July 12th, 2011 at 11:04 am
Walt,
Where to begin.
Regardless of the intent, I think that we all know that in the real world, that 99 of those asked to attest to a subset will only manage that subset.
I sat an industry meeting, involved in a heated debate about logging. Since the shortened SAQs do not mention the requirement to retain logs, the industry reps were recommending that they not bring logging into scope their program that they were creating for merchants. Even though the QSAs in the room pleaded that logs are the only defense in the case of a breach, the general consensus in the room was it was out of scope” because it “is to complex for the smaller merchant to understand, never mind do, and the ‘SAQ DOESN’T REQUIRE IT'”
This example alone speaks volumes about why the shortened SAQs are broken.
July 12th, 2011 at 10:27 pm
Many thanks for the great comments. I wrote the column hoping to generate discussion from StorefrontBacktalk readers, and you didn’t let me down.

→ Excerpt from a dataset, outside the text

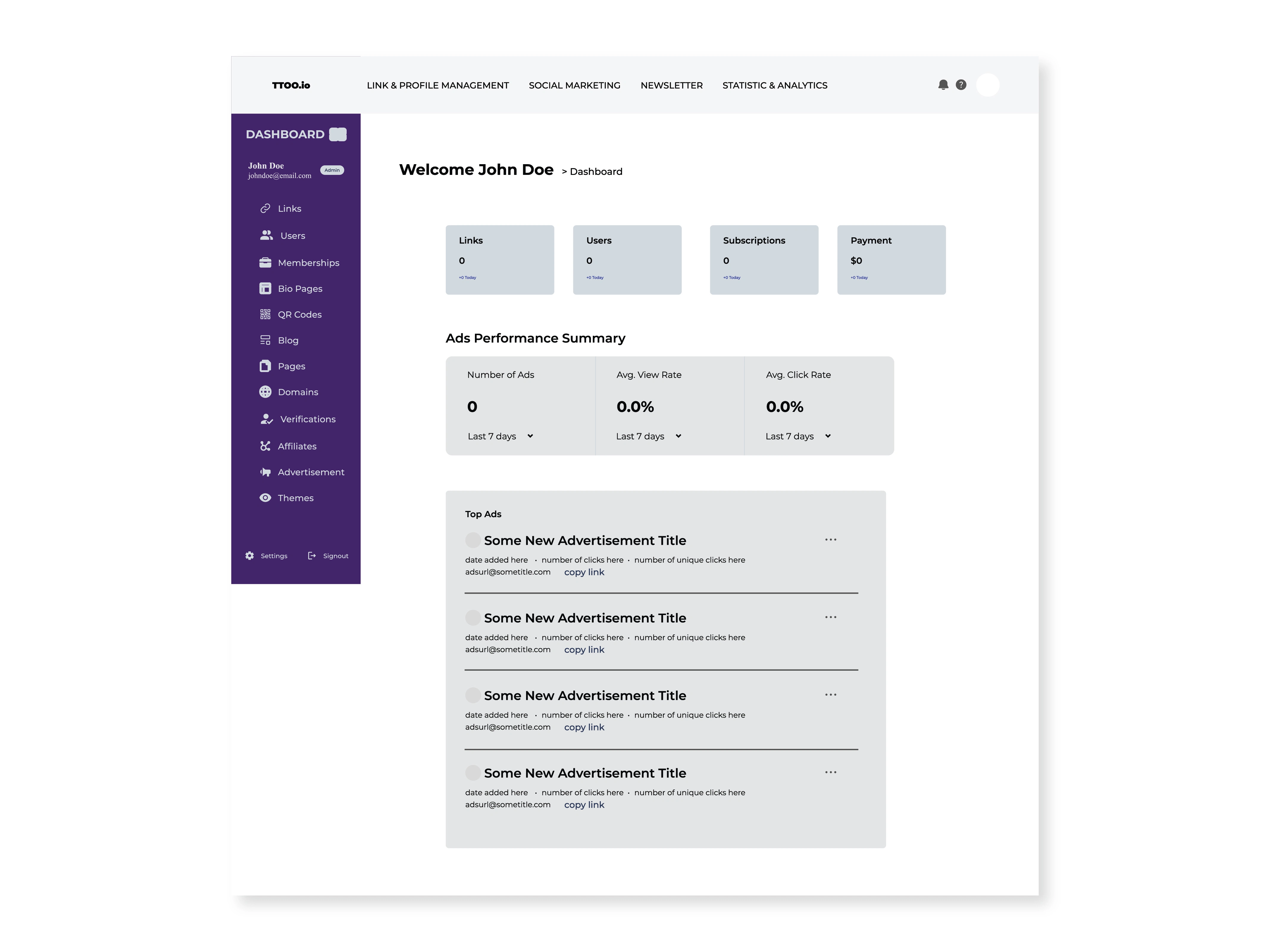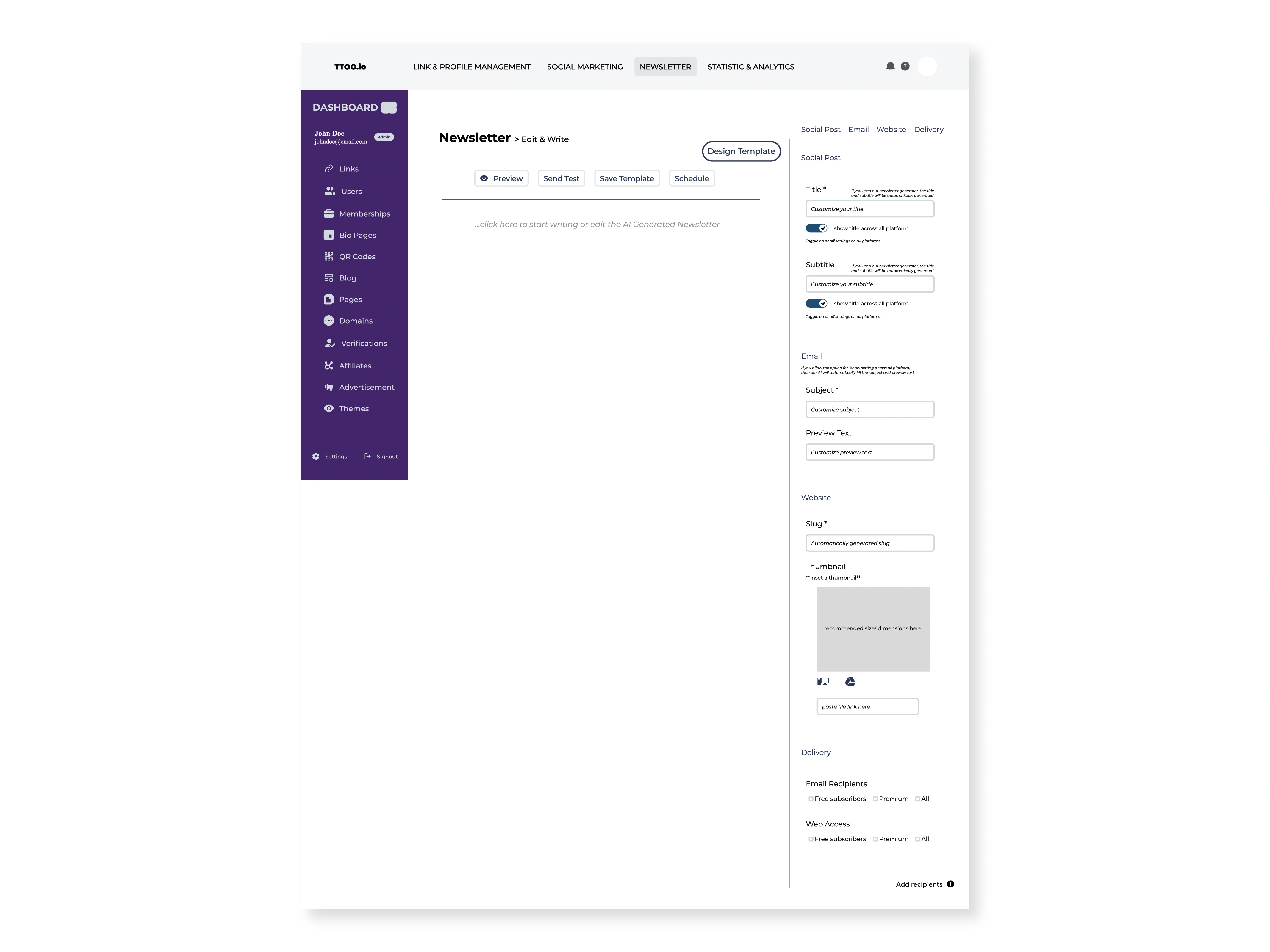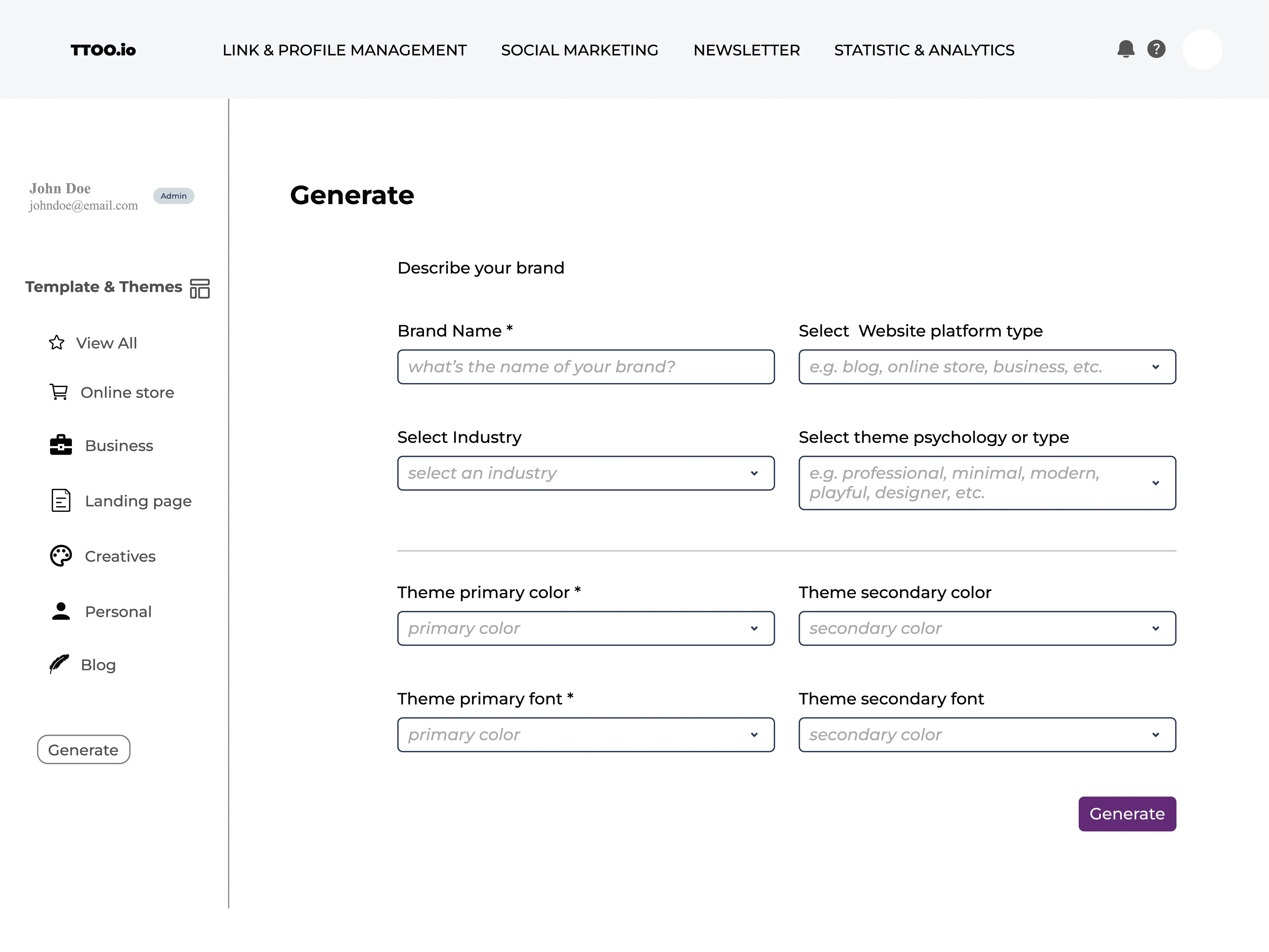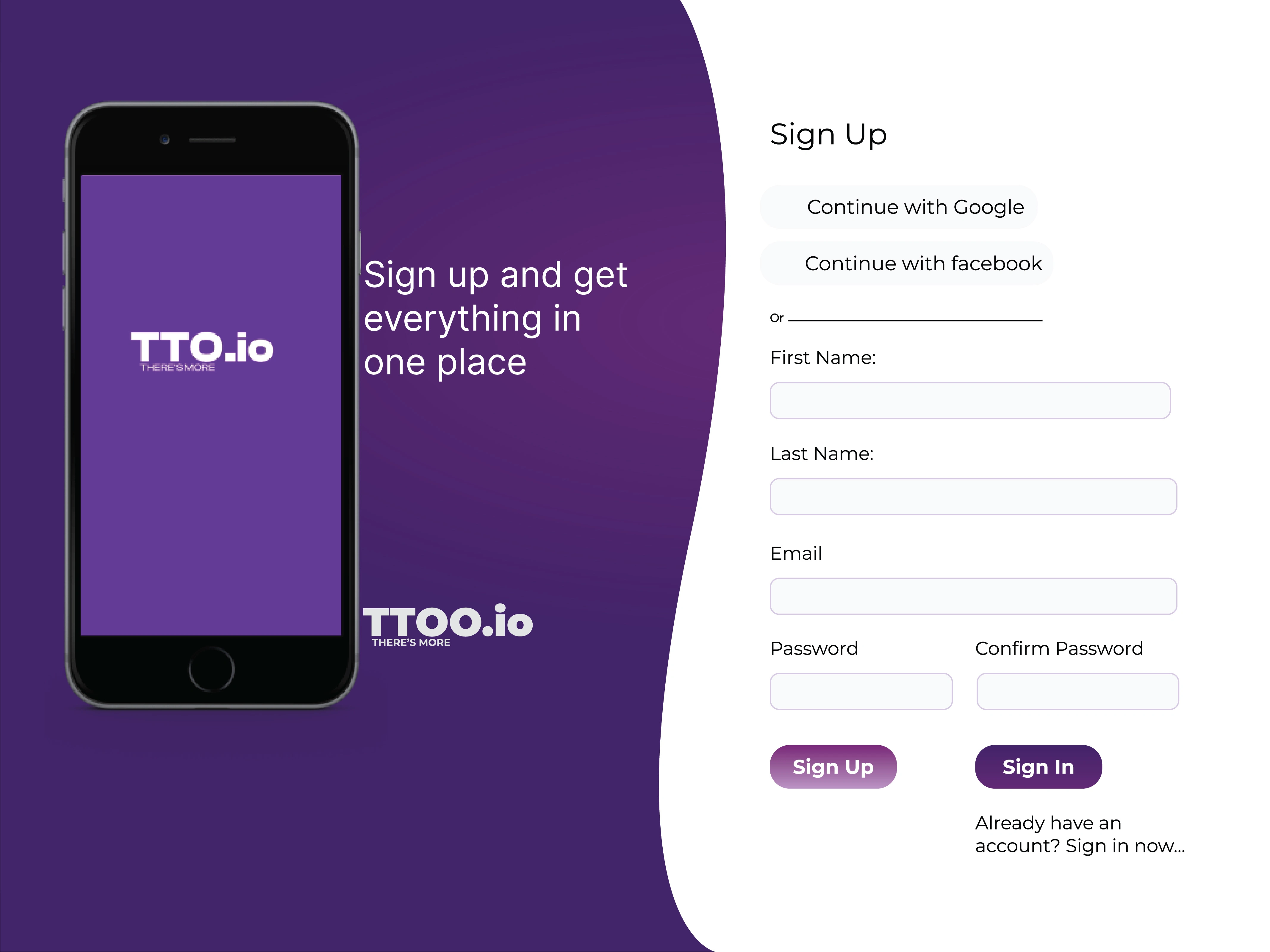 Designed TTOO.io, an AI powered Web app that allows user to do digital, social media, or content creating. Users can signup/sing-in, Choose an account type.

To me, the comments about “compliance over security” capture the theme I was trying to get at, maybe better than I said it myself. And Todd’s comment about “the SAQ doesn’t require it” is so painfully true. I, too, have heard that same statement made at industry workshops. Unfortunately, the SAQs are what we have, so I think it is important for QSAs and others to make it clear that maybe the SAQs are not the be-all and end-all of compliance, and PCI is not the be-all and end-all of security.
Thanks to all for the comments (and emails…yes, I read them). I’ll be following-up on this theme in a week or so. Meanwhile, keep the comments coming.